AlexsLemonade / OpenPBTA-analysis

The analysis repository for the Open Pediatric Brain Tumor Atlas Project
Other
100 stars 67 forks source link

Rerun hgg subtyping (7 of N) #1382

Closed jharenza closed 2 years ago

jharenza commented 2 years ago

Purpose/implementation Section

What scientific question is your analysis addressing?

rerun HGG subtyping

Is there anything that you want to discuss further?

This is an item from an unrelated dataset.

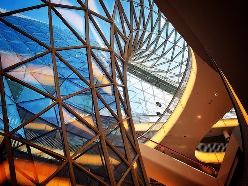 I take off my jacket as it's getting slightly warmer. Or, maybe my body has warmed up from all the walking. Before heading for the tower, I check out the mall next to the one I'm at, and I'm glad for the decision. Part of the glass roof is a funnel that arches up and widens toward one end.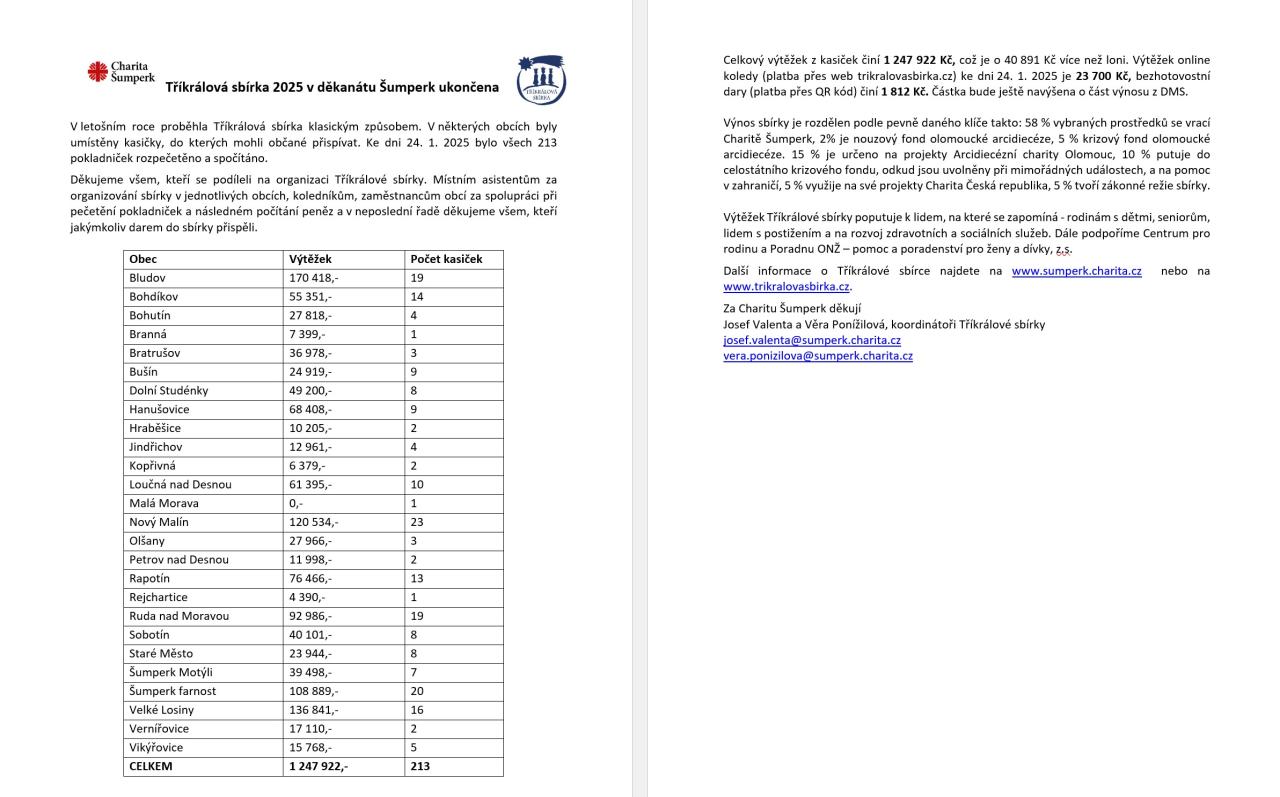 Tříkrálová sbírka 2025 proběhla tradičně v děkanátu Šumperk, kde občané přispívali do 213 pokladniček. Všechny byly rozpečetěny a spočítány k 24. lednu 2025. Sbírka se konala klasickým způsobem s umístěním kasiček v obcích.

Removed from HGG_defining_lesions.tsv because path_dx == SEGA (this is reflected in the v21 hist file, with cancer group == SEGA). Interestingly, these samples were not in HGG_molecular_subtype.tsv, so they are not showing as removed. 7316-2578 7316-2171 7316-3019

HGG_molecular_subtype.tsv PT_8P368R5B 7316-4998 being removed, but is DIPG and has a subtype in v21 Brainstem glioma- Diffuse intrinsic pontine glioma is in exact dx strings, but is RNA only sample PT_8P368R5B is in the list of pts in molecular-subtyping-pathology, but had no report, so no subtype was created there

BS_HE0WJRW6 of 7316-1455 was removed, BS_HWGWYCY7 retained Both RNA-Seq, both in v21 subtypes as to be classified

> setdiff(master_hgg$Kids_First_Biospecimen_ID_DNA, pr_hgg$Kids_First_Biospecimen_ID_DNA)
character(0)
> setdiff(master_hgg$Kids_First_Biospecimen_ID_RNA, pr_hgg$Kids_First_Biospecimen_ID_RNA)
[1] "BS_SB12W1XT" "BS_FXJY0MNH" "BS_HE0WJRW6" "BS_D7XRFE0R" "BS_KABQQA0T" "BS_FN07P04C" "BS_SHJA4MR0"
> setdiff(master_hgg$Kids_First_Participant_ID, pr_hgg$Kids_First_Participant_ID)
[1] "PT_8P368R5B"
master_hgg$Kids_First_Biospecimen_ID_RNA sample_id master_subtype
BS_SB12W1XT 7316-85 HGG, H3 wildtype
BS_FXJY0MNH 7316-4998 HGG, To be classified
BS_HE0WJRW6 7316-1455 HGG, To be classified, TP53 loss
BS_D7XRFE0R A18777 DMG, H3 K28, TP53 loss
BS_KABQQA0T A16915 DMG, H3 K28, TP53 loss
BS_FN07P04C 7316-255 HGG, To be classified
BS_SHJA4MR0 7316-161 HGG, H3 wildtype, TP53 loss

Those samples have been recently removed from the TP53 results file:

p53 <- read_tsv("~/Documents/GitHub/OpenPBTA-analysis/analyses/tp53_nf1_score/results/tp53_altered_status.tsv")
> setdiff(master_hgg$Kids_First_Biospecimen_ID_RNA, p53$Kids_First_Biospecimen_ID_RNA)
[1] "BS_SB12W1XT" "BS_FXJY0MNH" "BS_HE0WJRW6" "BS_D7XRFE0R" "BS_KABQQA0T" "BS_FN07P04C" "BS_SHJA4MR0"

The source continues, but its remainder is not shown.